Some developers have expressed concerns that JavaScriptAudioNode only happens in workers.

olivierthereaux commented 10 years ago

Original comment by Marcus Geelnard (Opera) on W3C Bugzilla. Mon, 11 Jun 2012 15:00:14 GMT

While I agree that workers are slightly more cumbersome to work with than regular callbacks, I think that there are some risks with supporting both methods:

1) It's generally confusing to have two options for doing the same thing. It's quite likely that developers will pick the "wrong" solution just because they copied from an example or tutorial that used the alternative that wasn't optimal for the actual use case at hand.

2) I suspect that the callback based approach will be more sensitive to browser/system variations (e.g. different painting/event/animation architectures), which means that it's more likely that someone will design an app on his/hers system+browser combination of preference, and then it will suffer from latency problems on another system+browser combination. This is less likely to be the case if people are always forced to use workers, where the problem should be less pronounced.

3) Since the non-worker option is generally simpler to grasp, it's more likely to be used in more apps than it should.

olivierthereaux commented 10 years ago

Original comment by Jussi Kalliokoski on W3C Bugzilla. Mon, 11 Jun 2012 15:22:55 GMT

While I agree that it's not a good idea to do time-critical heavy lifting like audio on the main thread, sometimes there isn't much choice: emulators and other virtual machines, ports of existing code (more possible but could be very difficult as the original code may have strong shared state with the audio code), and such.

These kind of programs are quite challenging as it is, I don't think a few bad eggs should make the lives of those developers worse than it already is by having to do expensive tricks like sending the audio data to the worker with postMessage and maintaining the callback system themselves.

I always find these discussions about creating bad practices a bit frustrating, people will make bad choices, no matter how well we design things. For me, it doesn't mean that we shouldn't try to avoid making things so that developers want to do bad things, but actively making actual use cases harder to keep some people from making stupid decisions is counter-productive, IMHO.

You give them the rope, some will hang themselves, some will build a bridge.

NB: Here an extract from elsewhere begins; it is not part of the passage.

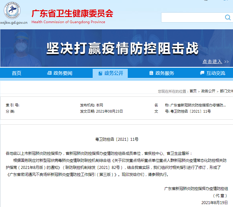广东省密闭通风不良场所新冠肺炎疫情防控工作指引(第三版)
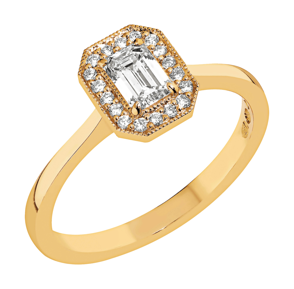 The center stone of the yellow gold Kukkaniitty M-683K ring shines with an emerald cut 0.30–0.34ct diamond.

olivierthereaux commented 10 years ago

Original comment by Philip Jägenstedt on W3C Bugzilla. Tue, 12 Jun 2012 14:59:53 GMT

(In reply to comment #5)

expensive tricks like sending the audio data to the worker with postMessage and maintaining the callback system themselves

That's not how a worker-based AudioNode would work, it would be a callback in the worker that can read directly from the input and write directly to the output.

There are things on the main thread that are not interruptible (layout and event handlers being the most obvious) so it's only luck if one is able to run the callback often enough. I can't speak for any other implementors, but I'm fairly certain it would fail horribly in Opera, as other pages running in the same process can't be expected to write code to avoid long-running scripts or expensive re-layouts.

olivierthereaux commented 10 years ago

Original comment by Jussi Kalliokoski on W3C Bugzilla. Tue, 12 Jun 2012 15:36:12 GMT

That's not how a worker-based AudioNode would work, it would be a callback in the worker that can read directly from the input and write directly to the output.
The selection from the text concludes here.